Когда началась научно-техническая революция в XX веке, английский писатель Сноу написал о двух культурах, все менее родственных, нашумевшую статью.
Он и назвал ее «Две культуры». Углубляясь в историю, понимаешь, что «ничто не ново под луной». Ведь эта статья Сноу наделала шуму именно потому, что была понята как некое открытие. Раньше была одна культура, а теперь — две.
А они были и раньше.
Но я боюсь, что читатель, особенно молодой, решит, что любая эпоха — это разлом. Нет, существует «гений века», который сообщает эпохам целостность и единство. Этот гений высказывает себя и в том, например, что иногда поэты, живущие в разных странах, не имеющие ничего общего ни в судьбах, ни в характере дарований, все же ощущают мир с одинаковой долей парадоксальности. Сопоставим стихи Петрарки:
с известной «Балладой поэтического состязания в Блуа» Франсуа Вийона:
Петрарка жил в XIV веке, Вийон — в XV. Но в Северную Европу Возрождение вошло с опозданием. Поэтому тот ренессансный дух, который даже в мышлении отнюдь не парадоксального поэта, строгого и величавого поклонника латыни — Петрарки внес долю фантасмагории, — этот дух через столетие по-новому раскрылся у Франсуа Вийона.

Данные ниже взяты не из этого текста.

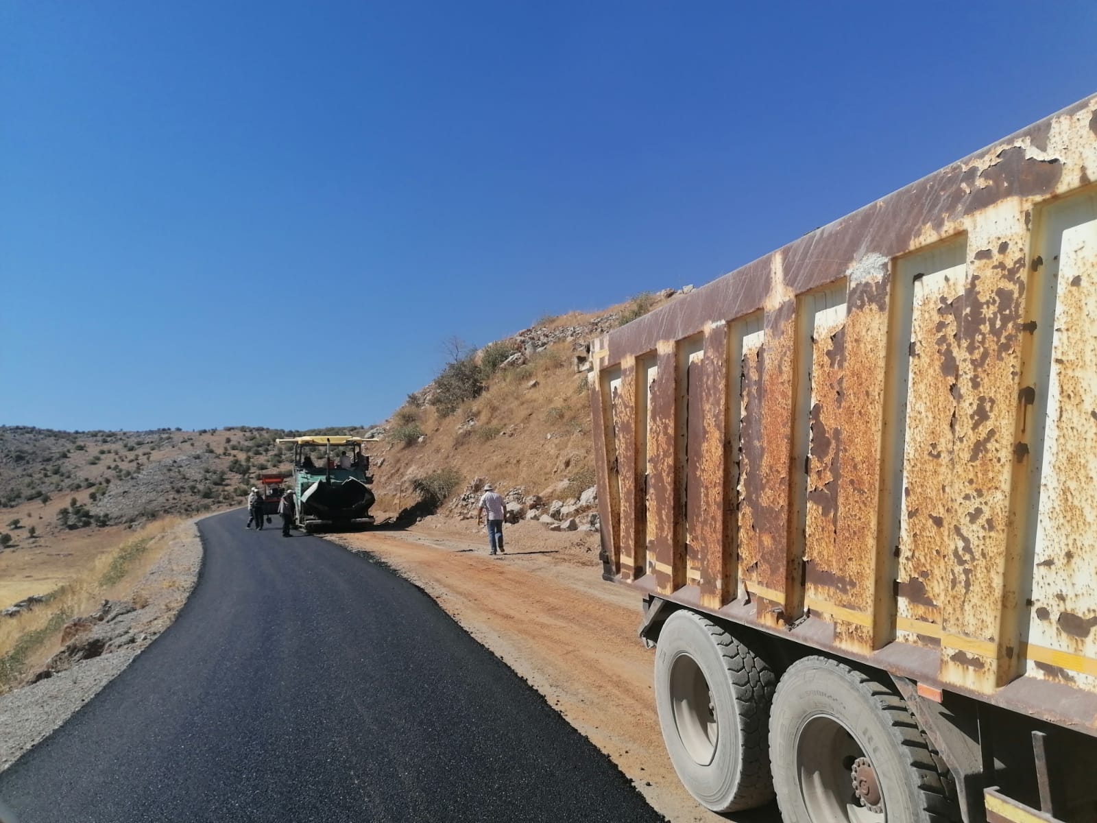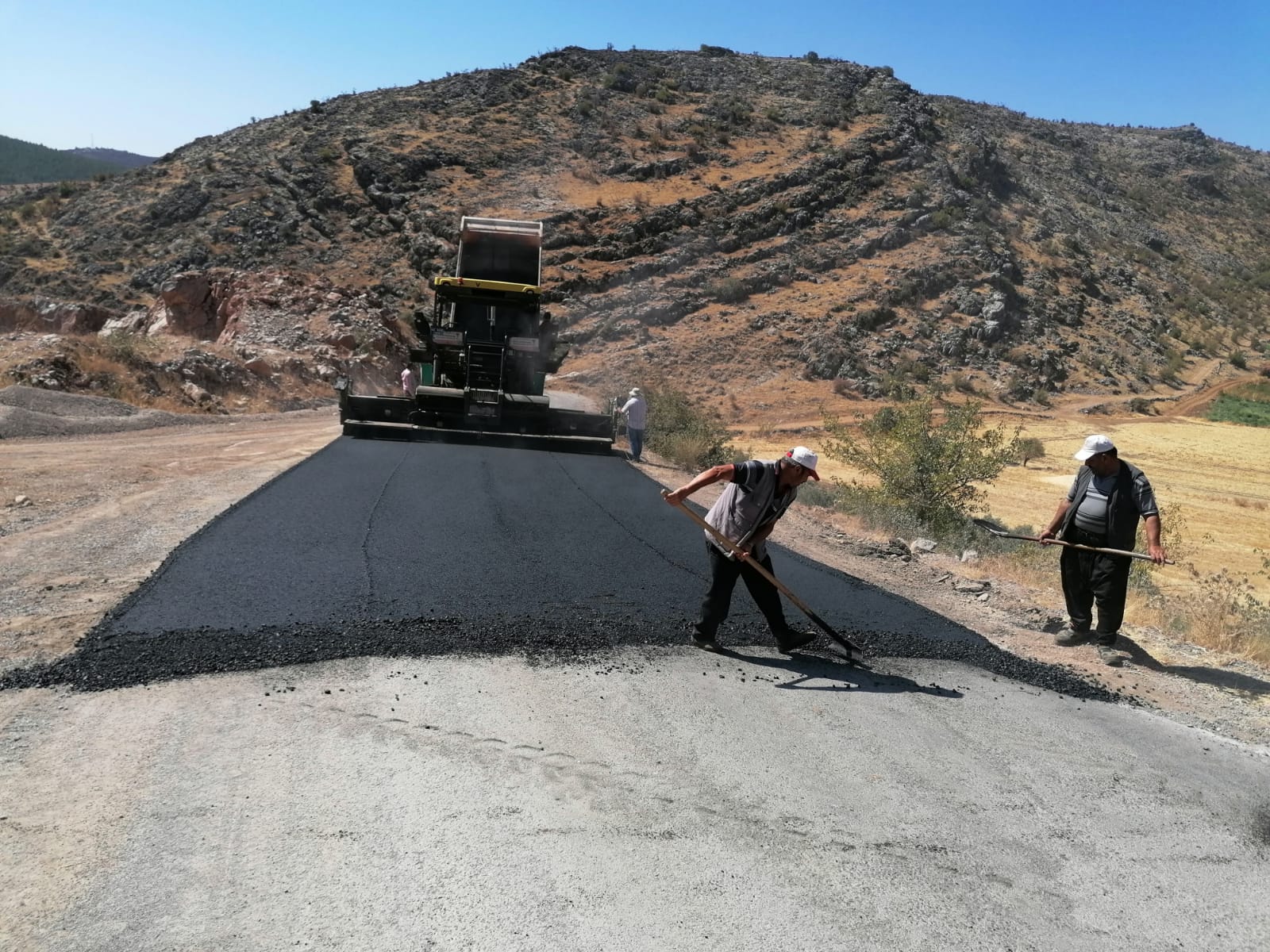 Kahramanmaraş Büyükşehir Belediyesi yol yapım ve onarım çalışmaları kapsamında Türkoğlu İlçesi’nde Kılılı-Yenipınar Yoluna sıcak asfalt serimine başladı.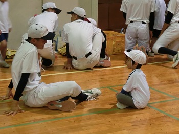 11月7日(木)に、本校野球部と近所のこども園との交流会を実施しました。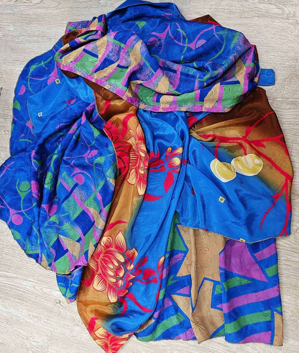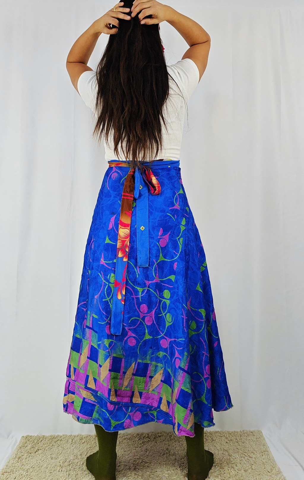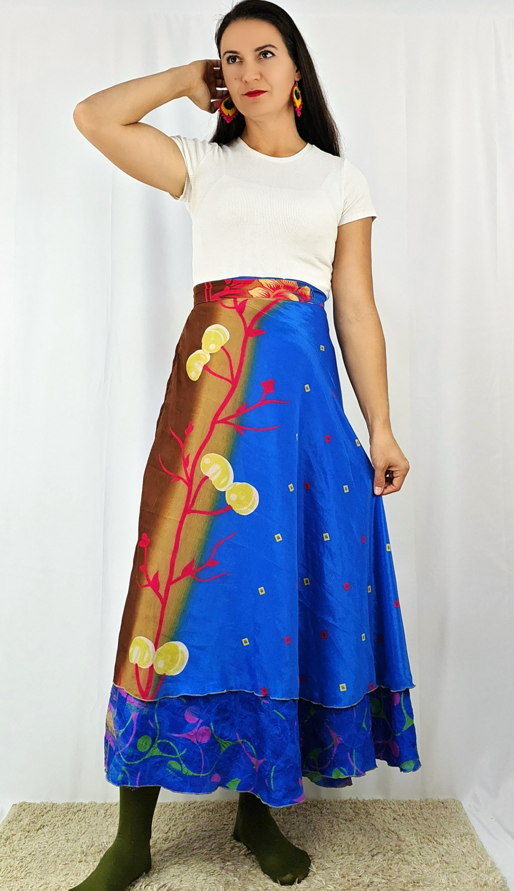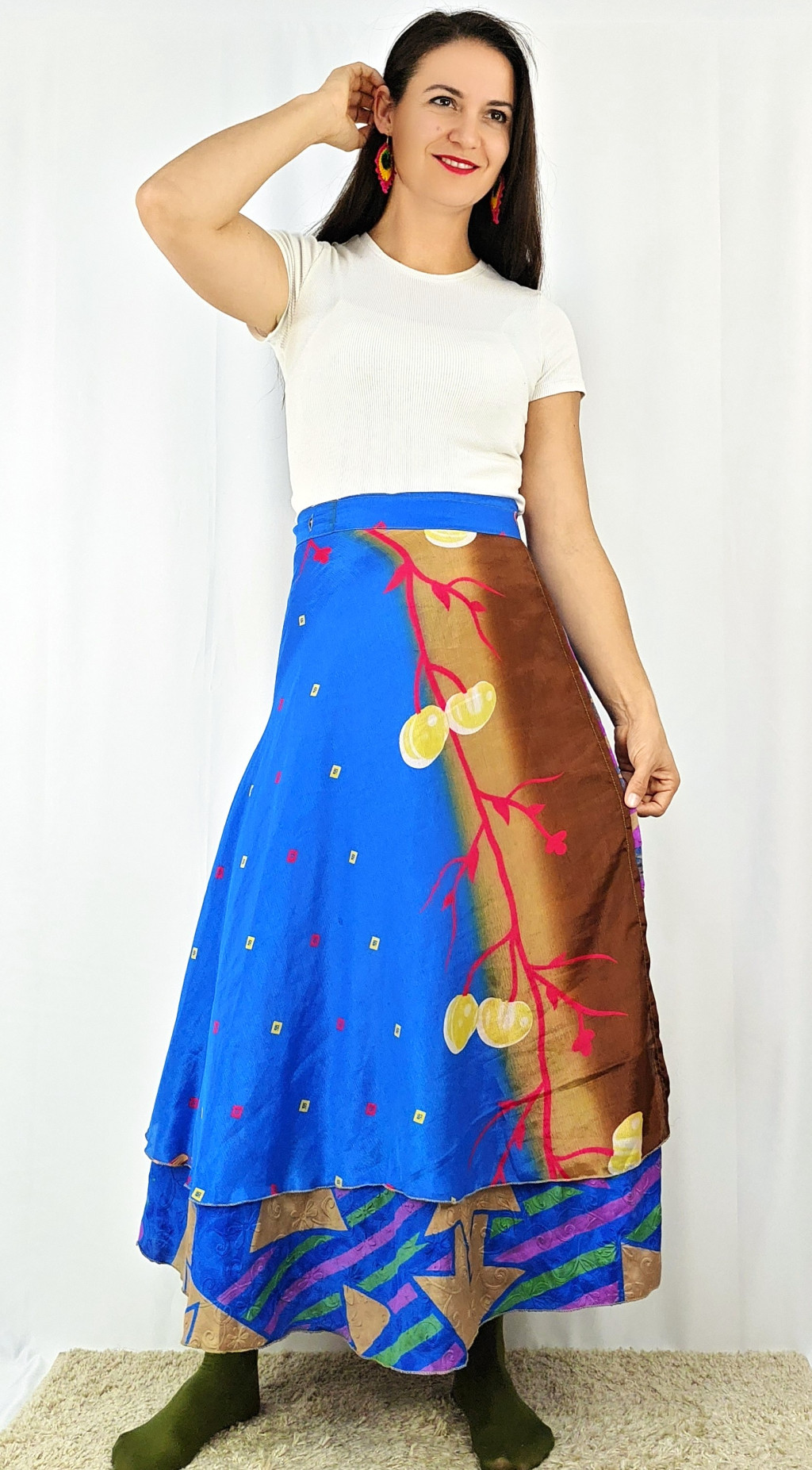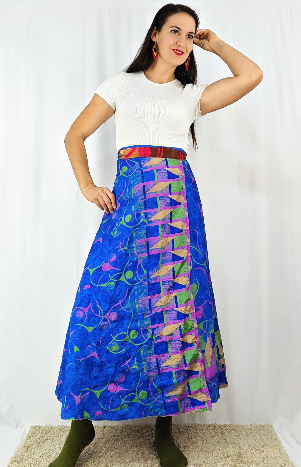 Lapszoknyáink újrahasznosított szárikból készülnek Indiában, egy hosszabb és egy rövidebb anyag derékban összevarrva! Két oldalú, kifordítható, mindkét oldala hordható, sokféleképpen köthető, variálható. Szoknyáinkból nincs két egyforma, mindegyikből csak EGY darab van, ha megtetszik, csapj le rá!

При углубленном исследовании самых «эмпирических» текстов Леонардо можно и в них увидеть элементы фантасмагорического видения мира, того видения, которое неизбежно сопутствует человечеству в эпохи великих открытий.
Разумеется, любые «параллельные места» рискованны. Например, соблазнительно сопоставить строки Данте: «Я вижу, мой отец, как на меня несется время, чтоб я в прах свалился» — со строками Мандельштама: «Мне на плечи кидается век-волкодав, но не волк я по крови своей».

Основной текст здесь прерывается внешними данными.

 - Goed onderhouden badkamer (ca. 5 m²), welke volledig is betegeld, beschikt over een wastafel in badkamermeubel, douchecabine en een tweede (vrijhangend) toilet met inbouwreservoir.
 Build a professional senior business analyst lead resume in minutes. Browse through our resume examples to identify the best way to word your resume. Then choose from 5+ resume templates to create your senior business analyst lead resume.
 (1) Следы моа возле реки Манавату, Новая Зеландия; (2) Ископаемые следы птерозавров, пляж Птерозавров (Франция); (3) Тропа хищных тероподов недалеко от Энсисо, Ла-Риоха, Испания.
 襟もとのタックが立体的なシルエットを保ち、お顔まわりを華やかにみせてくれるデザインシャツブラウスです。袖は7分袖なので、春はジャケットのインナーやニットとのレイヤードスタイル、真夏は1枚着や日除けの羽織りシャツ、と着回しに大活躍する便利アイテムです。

Несмотря на то что Мандельштам всю жизнь читал Данте и все сильнее восхищался им, это совпадение, на мой взгляд, чисто случайное: ни в образах обоих поэтов, ни в эпохах, когда они жили, я не усматриваю ничего общего.
Другое дело «параллельные места» у Петрарки и Вийона, у Леонардо и Дюрера, в них ощутим дух времени, «гений века».
Не надо забывать о тетрадях Леонардо. Это особая тема. Ученые и сегодня углубляются в метод его работы не только для того, чтобы познать его, но и для личных «уроков».
Понять метод его работы от первых беглых записей в тетрадку «у пояса» до более обработанных, систематизированных мыслей и наблюдений в тематической тетради — то же самое, что понять развитие его мысли, его метод углубления в суть вещей от первого «импрессионистического» наблюдения, от беглых, полуслучайных зарисовок с натуры до обобщений, достойных подлинного мыслителя.
Не надо забывать, что для него живопись была как бы «грехопадением», изгнанием из рая, «рая математических наук» — так называл он механику. Он занимался живописью несистематически, как бы нехотя, отрываясь от вещей более важных и значительных.
Он загадочным казался современникам, и, увы, через несколько веков не сумели его полностью отгадать. Нечто ускользающее от понимания, таинственное чувствуется в нем и сегодня, на излете XX столетия, и, может быть, останется навсегда.
И опять наталкиваешься на постоянное несоответствие двух систем миропонимания: художника и ученого. Я уже об этом писал, но не могу не напомнить опять, настолько это существенно для понимания, а может быть, непонимания Леонардо. В науках он часто повторяет, что не надо «желать невозможного», а в живописи все время стремится к невозможному.
Не рождается ли из этого «несоответствия» и тот фантастический реализм его картин, который создает столько версий, загадок, недоумений?
«Опыт, опыт, опыт…» — повторял он в «науках». А в «Джоконде» — опыт чей?
Она ведь априорна, «Джоконда». Это некая истина, существующая вне нашего опыта и даже вне опыта человечества, потому что подобного существа в мире не было, как не было и подобного пейзажа. Мы не сомневаемся в том, что были короли и шуты Тициана, женщины Рафаэля, старики и старухи Рембрандта, аристократы Ван Дейка, герои Давида, изящные модели Энгра.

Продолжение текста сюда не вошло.